🤖 AI Summary
This study addresses the degradation in pixel-level segmentation performance of barley field weeds in multispectral UAV imagery caused by cross-field, cross-seasonal, and illumination variations. To tackle this challenge, the authors propose VISA, a dual-stream segmentation network that, for the first time, decouples radiometrically calibrated five-band reflectance from vegetation indices and fuses them at native resolution. The architecture integrates residual spectral-spatial attention, windowed self-attention, state space layers, and Slot Attention to significantly enhance robustness in detecting sparse weeds within dense canopies. Evaluated on the newly curated four-year BAWSeg dataset—comprising radiometrically calibrated multispectral orthoimagery with dense annotations—the model achieves a weed IoU of 63.5% and an mIoU of 75.6% with 22.8M parameters, outperforming SegFormer-B1. Notably, it maintains strong generalization, with cross-field and cross-year mIoU scores of 71.2% and 69.2%, respectively.
📝 Abstract
Accurate weed mapping in cereal fields requires pixel-level segmentation from UAV imagery that remains reliable across fields, seasons, and illumination. Existing multispectral pipelines often depend on thresholded vegetation indices, which are brittle under radiometric drift and mixed crop--weed pixels, or on single-stream CNN and Transformer backbones that ingest stacked bands and indices, where radiance cues and normalized index cues interfere and reduce sensitivity to small weed clusters embedded in crop canopies. We propose VISA (Vegetation-Index and Spectral Attention), a two-stream segmentation network that decouples these cues and fuses them at native resolution. The radiance stream learns from calibrated five-band reflectance using residual spectral-spatial attention to preserve fine textures and row boundaries that are attenuated by ratio indices.

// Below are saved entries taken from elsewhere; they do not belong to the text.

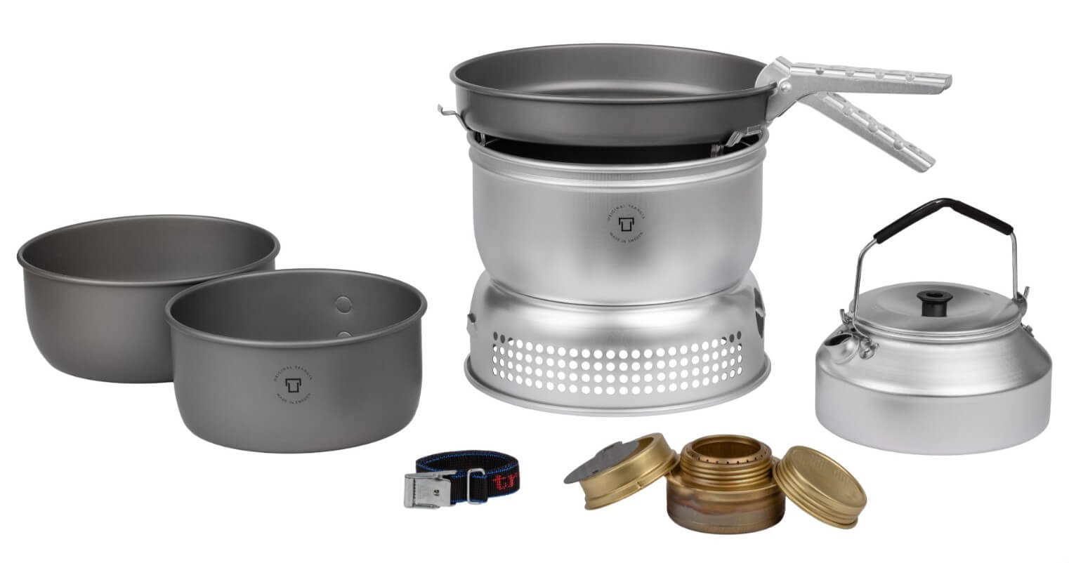 Zestaw turystyczny marki Trangia sprawdzi się w podróży dla 3-4 osób. Wraz z palnikiem w zestawie znajdują się dwa garnki o pojemności 1,5L i 1,75L. patelnia, uchwyt, pasek i czajnik 0,9L.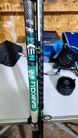 pari al nuovo, canna dipartita in carbonio 450, Yuki H2 anelli fuji attacco fuji , completa di custodia originale imbottita.. mulinello colmic actarus doppio bobina con lenza nuova.. una 022 con shock 060.. l'altra 040 con shock 065.. euro 200.00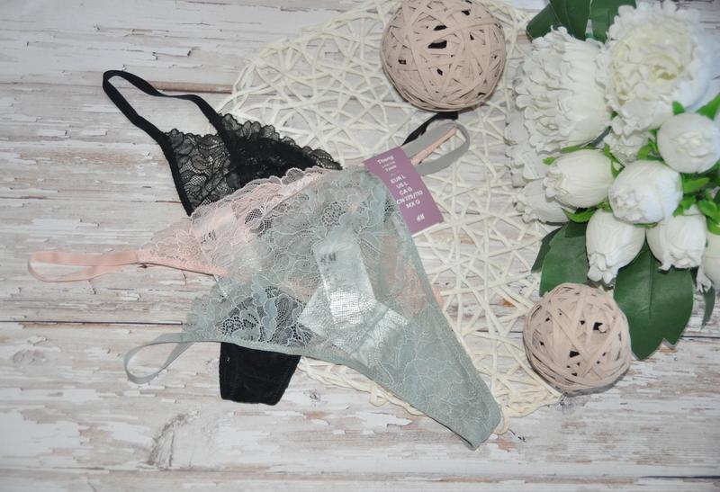 L H&M новые фирменные женские трусики трусики трусы танга бразилианы стринги бикини кружевные оригинал 3 шт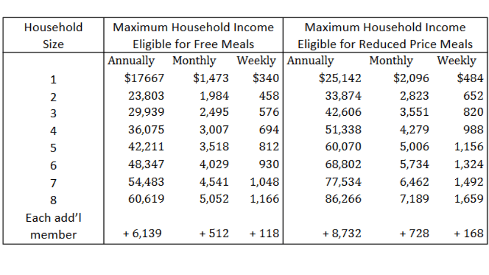 Children from families whose current income is at or below those shown are eligible for free or reduced price meals. Applications are available at the school office. To apply, fill out a Free and Reduced Price School Meals Family Application and return it to the school. The information provided on the application is confidential and will be used only for the purpose of determining eligibility. Applications may be submitted any time during the school year. A complete application is required as a condition of eligibility.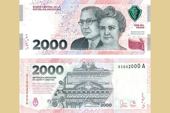 El Banco Central (BCRA) puso ayer en circulación el billete conmemorativo de 2000 pesos de curso legal con la imagen del Instituto Malbrán, de la doctora Cecilia Grierson y el doctor Ramón Carrillo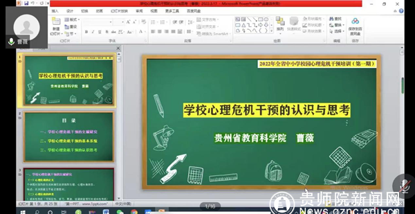 本网讯 当前,我国新冠肺炎疫情呈现点多、面广、频发的特点,防控形势严峻复杂,“外防输入、内防反弹”压力持续增加。为切实提升疫情下全省教师应对校园心理危机事件的识别和干预能力。近日,由贵州省教育科学院主办,伟德国际1949官网承办、教科院协办的2022年贵州省中小学校园心理危机干预专题培训(第一期)成功举办,各市(州)100多名专(兼)职心理辅导教师通过腾讯会议参加了培训。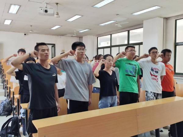 9时,团课圆满结束。9月25日15时50分,全体成员于修远2101室集合,进行团员宣誓。16时,全体团员整队肃立,佩戴校徽,在班长的领誓下庄严宣誓。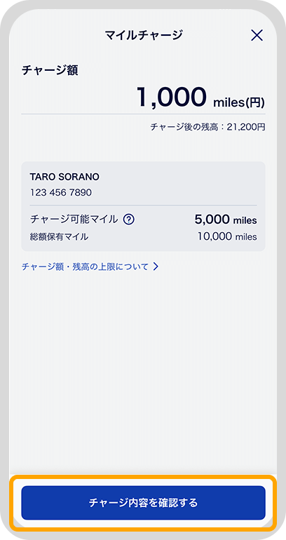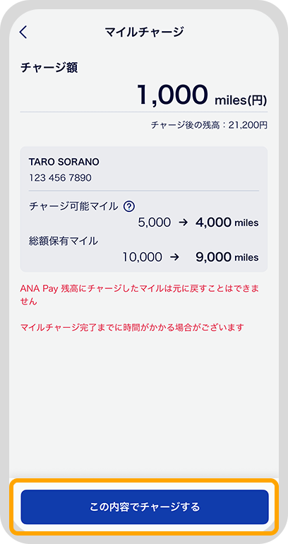 内容をご確認いただき、「この内容でチャージする」をタップします。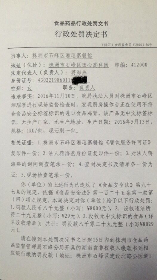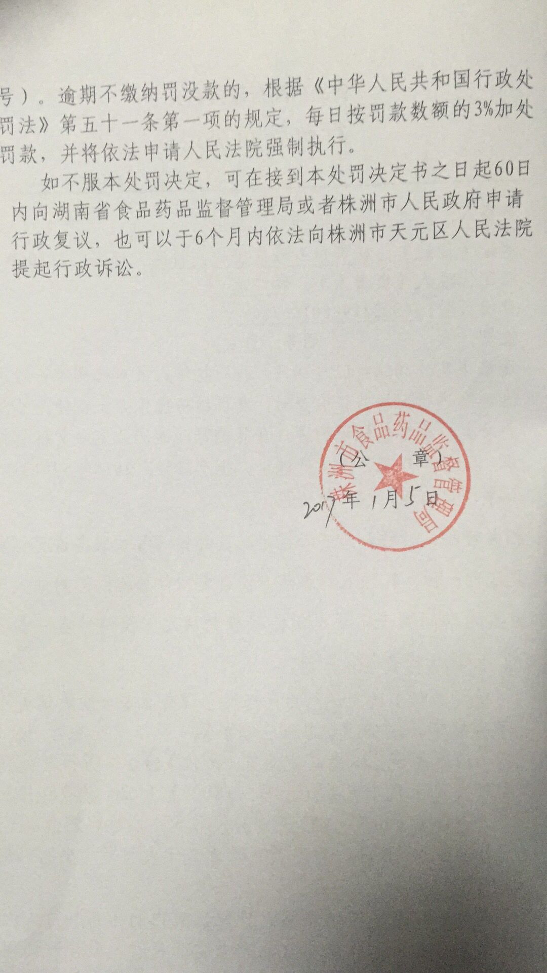 株洲市食品药品监督管理局石峰分局行政处罚公开(株石食药监食罚〔2016〕26号 )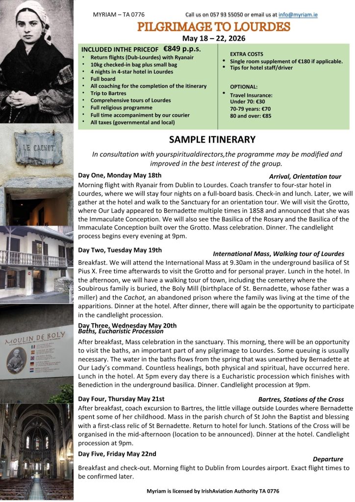 PILGRIMAGE TO LOURDES From Celbridge & Straffan 2026 !!!!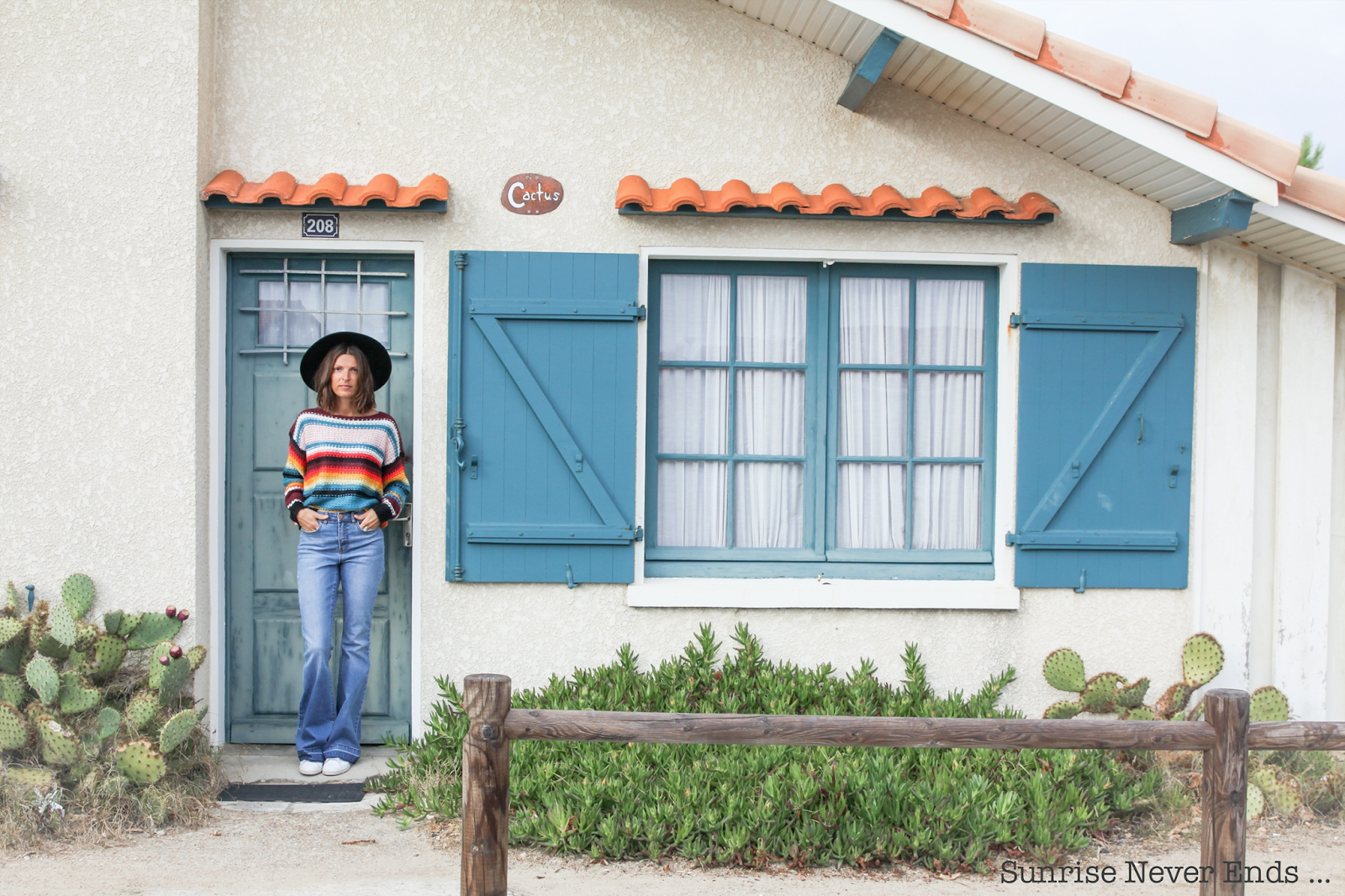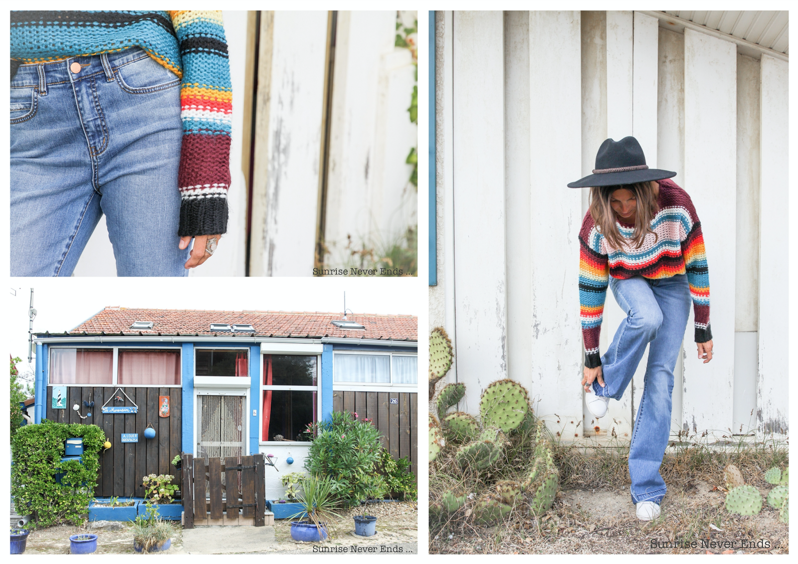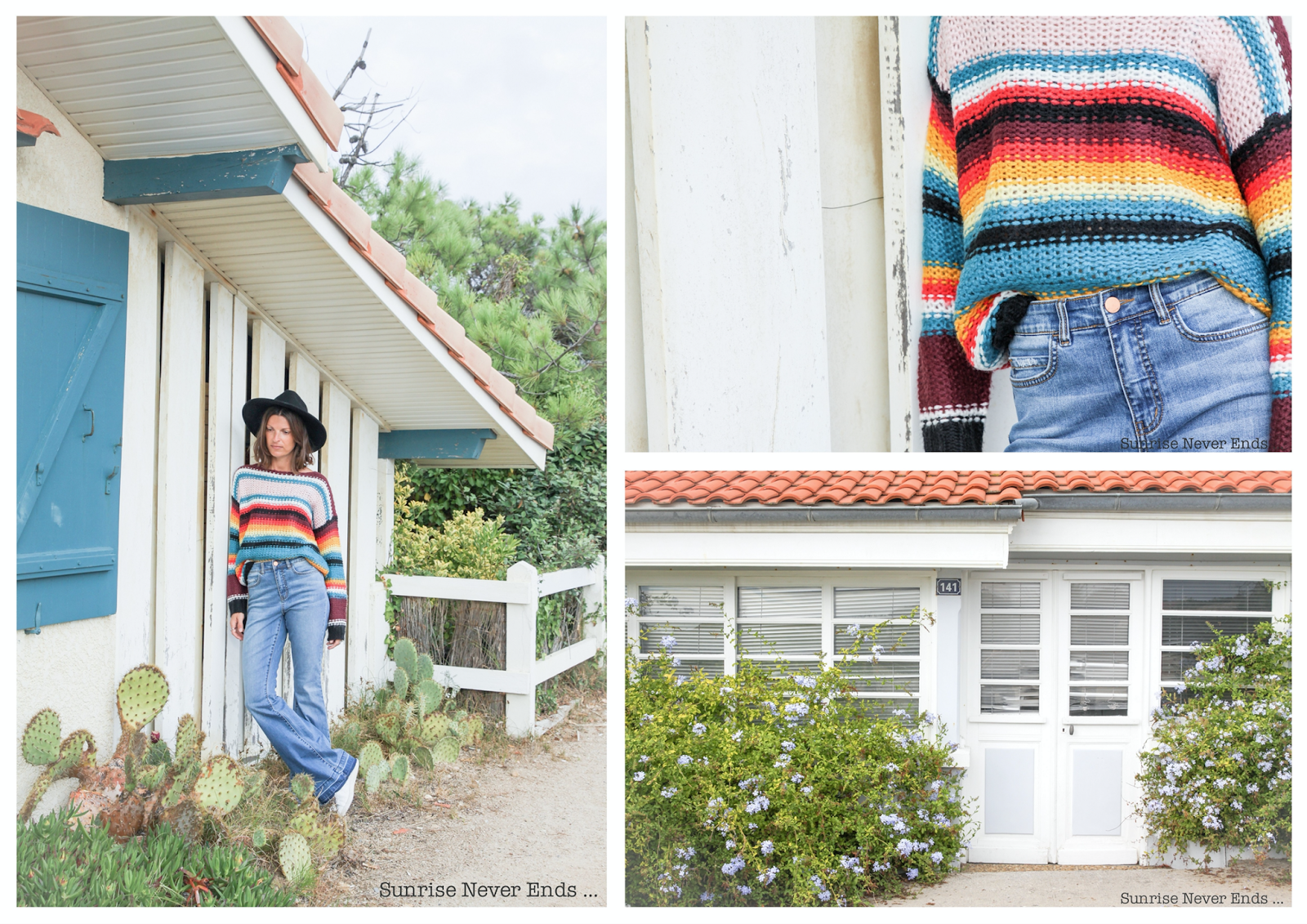 Aujourd’hui, le programme à la plage c’est atelier knitting à la boutique Billabong du centre ville … Alors en l’honneur de ce happening, j’ai eu envie de vous montrer ce pull rainbow de la collection de cet hiver … Je crois que c’est la pièce que je préfère de toute la collection tellement j’aime ses couleurs vives et vitaminées !!! Du coup, on l’a embarqué avec nous lors de notre road trip avec Julie et on a profité d’une pause à Contis Plage pour vous le photographier, porté avec un jean flare, l’incontournable 70’s de cet hiver …

The index stream operates on vegetation-index maps with windowed self-attention to model local structure efficiently, state-space layers to propagate field-scale context without quadratic attention cost, and Slot Attention to form stable region descriptors that improve discrimination of sparse weeds under canopy mixing. To support supervised training and deployment-oriented evaluation, we introduce BAWSeg, a four-year UAV multispectral dataset collected over commercial barley paddocks in Western Australia, providing radiometrically calibrated blue, green, red, red edge, and near-infrared orthomosaics, derived vegetation indices, and dense crop, weed, and other labels with leakage-free block splits. On BAWSeg, VISA achieves 75.6% mIoU and 63.5% weed IoU with 22.8M parameters, outperforming a multispectral SegFormer-B1 baseline by 1.2 mIoU and 1.9 weed IoU. Under cross-plot and cross-year protocols, VISA maintains 71.2% and 69.2% mIoU, respectively. The BAWSeg data, VISA code, and trained models will be released upon publication.